Thiessen column: Why don’t Democrats drop impeachment and just censure Trump?

WASHINGTON — On Jan. 20, 2017, The Washington Post reported that “The effort to impeach President Donald John Trump is already underway.” Even before Trump took the oath of office that day, Democratic groups were looking for a pretext to remove him from office.

They thought they would get one from special counsel Robert Mueller. Instead, Mueller found that Trump did not conspire with Russia to steal the 2016 election. But rather than capitalize on that moment of vindication, Trump decided to snatch defeat from the jaws of victory and give Democrats the pretext they had been looking for — by asking Ukraine to investigate Hunter Biden.

Democrats can’t believe their luck. Unlike Russia, this time Trump actually did something wrong. The president’s phone call with Ukrainian President Volodymyr Zelensky was not “perfect,” as Trump repeatedly claims. A USA Today-Suffolk University poll finds that only 30% of Americans believe there was nothing wrong with the call. But the same poll finds that just 38% think it was an impeachable offense, while 21% say it was wrong but not impeachable.

That means most Americans agree with Democrats that Trump did something wrong, but only a minority believe his misconduct rises to the level of high crimes and misdemeanors. Worse still for Democrats, according to an Associated Press-NORC Center for Public Affairs Research poll, 53% of Americans believe that their impeachment inquiry is politically motivated. And in six key swing states likely to decide the 2020 election, voters oppose removing Trump from office by a margin of 53% to 43%, according to a New York Times-Siena College survey.

So, unless some bombshell evidence emerges to turn public opinion decisively in favor of impeachment, Trump will not be removed from office. Impeachment would be a purely symbolic act.

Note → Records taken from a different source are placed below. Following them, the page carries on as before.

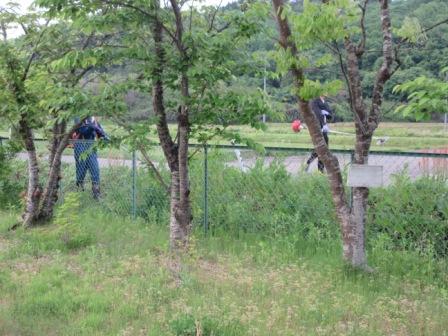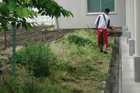 校庭の周囲もあっという間に草が伸びてきています。業務員さんが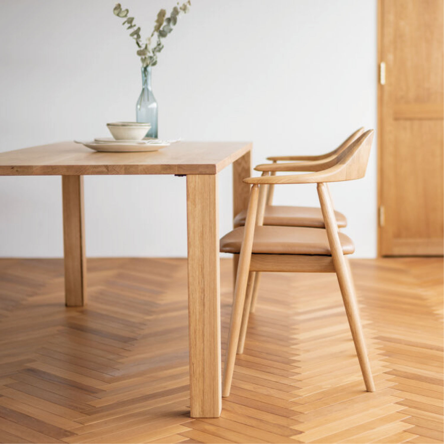 | 素材 | OAK:オーク無垢材、PVC、ウレタンフォーム WN:ウォールナット無垢材、PVC、ウレタンフォーム OAK:オーク無垢材、PVC、ウレタンフォーム |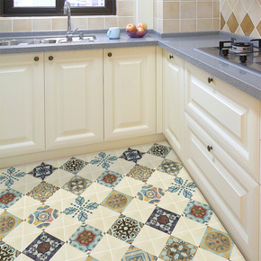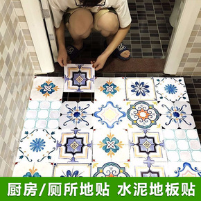 厨房地面防水防滑耐磨地贴花砖贴纸装饰复古自粘墙贴阳...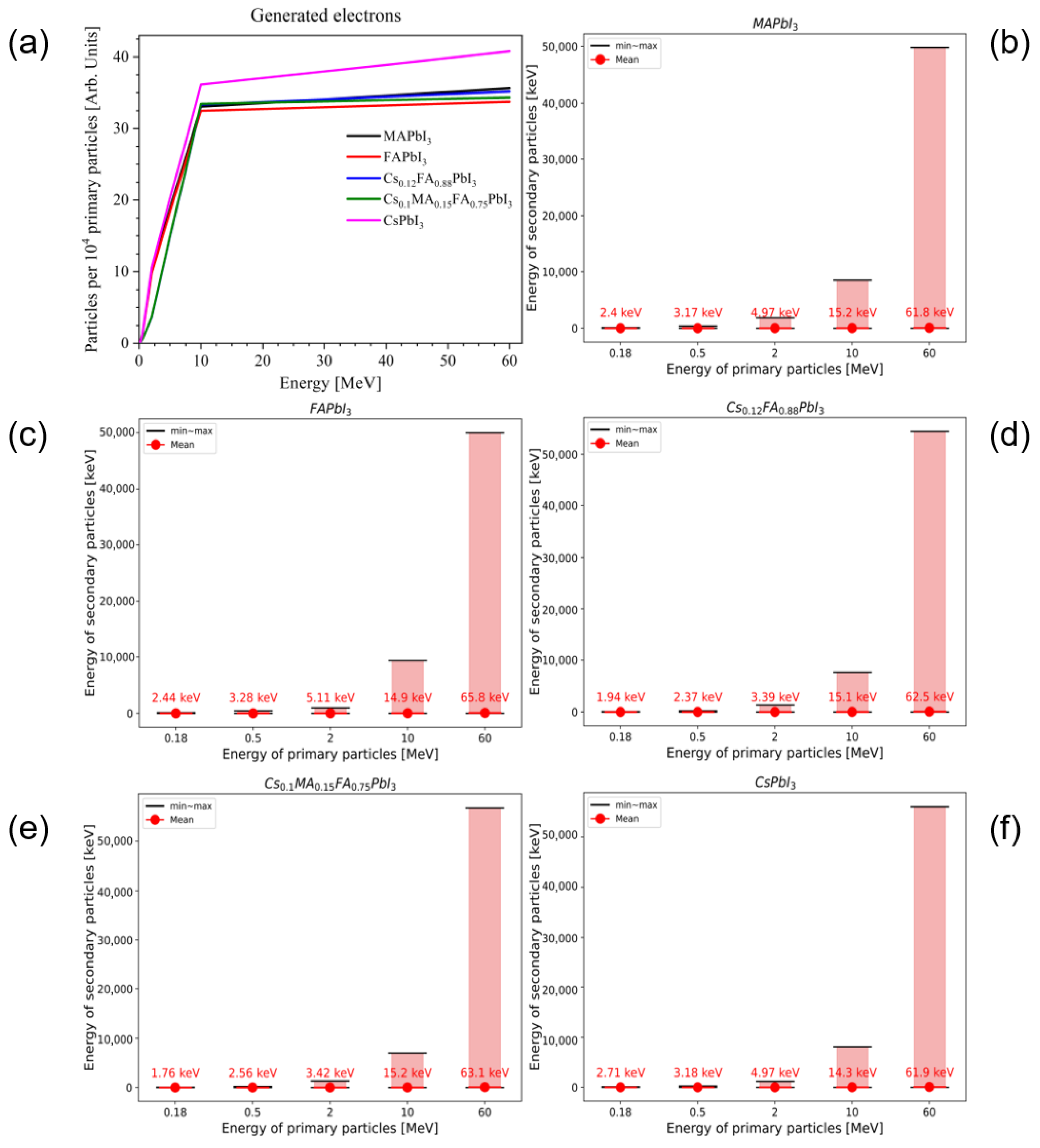 Secondary electrons generated under various types of radiation may participate in the radiolysis of the organic components in hybrid perovskites, such as methylammonium (MA) or formamidinium (FA) cations. Radiolysis involves the dissociation of chemical bonds due to ionizing radiation, potentially leading to the formation of volatile species, phase segregation, or defect accumulation in the organic-inorganic framework. For instance, low-energy secondary electrons can excite or ionize the organic molecules, promoting reactions like hydrogen abstraction or carbon-nitrogen bond cleavage, which compromise the structural integrity and optoelectronic properties of the material [25,56]. This effect has been observed in studies on X-ray-induced degradation, where secondary electrons contribute to lattice defects and instability in organic-inorganic halide perovskites [56]. While our simulations quantify the generation of such electrons, experimental validation is needed to assess their precise role in radiolysis processes.

So why not drop impeachment and censure him instead?

There is precedent for doing so. In 1834, the Senate voted to censure President Andrew Jackson (whose portrait Trump has proudly hung in the Oval Office) over his stonewalling of a congressional investigation into Jackson’s decision to shut down the Second Bank of the United States. If Congress voted to censure Trump, it would make him only the second president in history to have been so explicitly reprimanded.

The House could easily pass such a censure resolution and might even do so with a bipartisan majority. Right now, House Republicans feel no pressure to vote for impeachment, and Senate Republicans feel no pressure to convict, because most Americans agree with them that Trump’s conduct is not impeachable. They know that, if anything, impeachment poses a greater political danger to Democrats, putting at risk 31 House seats held by freshman Democrats in districts Trump carried in 2016.

But by censuring instead of impeaching the president, Democrats could easily turn the political calculus against the GOP. The Post reports that a growing number of Republicans are ready to acknowledge that the president did use military aid as leverage to force Ukraine to investigate the Biden family but that “the president’s action was not illegal and does not rise to the level of an impeachable offense.” To oppose a censure resolution, Republicans would have to argue not just that the president’s misconduct does not rise to the level of an impeachable offense, but that there was no misconduct at all. Clearly there was, and Americans know it. Censure would put public opinion squarely on the Democrats’ side and put Republicans in a political bind.

A bipartisan censure vote would ultimately be more damaging to Trump than impeachment along party lines. The impeachment inquiry is energizing Trump voters, who believe Democrats are trying to invalidate their votes by removing Trump from office. Censure would take away that argument. It would be dispiriting to Trump’s base, especially if some Republicans joined Democrats in voting to rebuke the president. Trump would be furious at a bipartisan vote of censure.

The Senate would not be required to take up a censure resolution passed by the House, but so what? Jackson’s censure was passed by only one house of Congress. If the House censured the president, and the Senate failed to even vote on the resolution, it would look very bad for Republicans.

Will Democrats do it? Probably not. Their ravenous base wants to brook no compromise. But because impeachment will be nothing more than an act of censure anyway, why not actually censure Trump and pressure some Republicans to vote against their president? Then leave the decision of whether to remove Trump from office where it belongs — in the hands of the American people next November.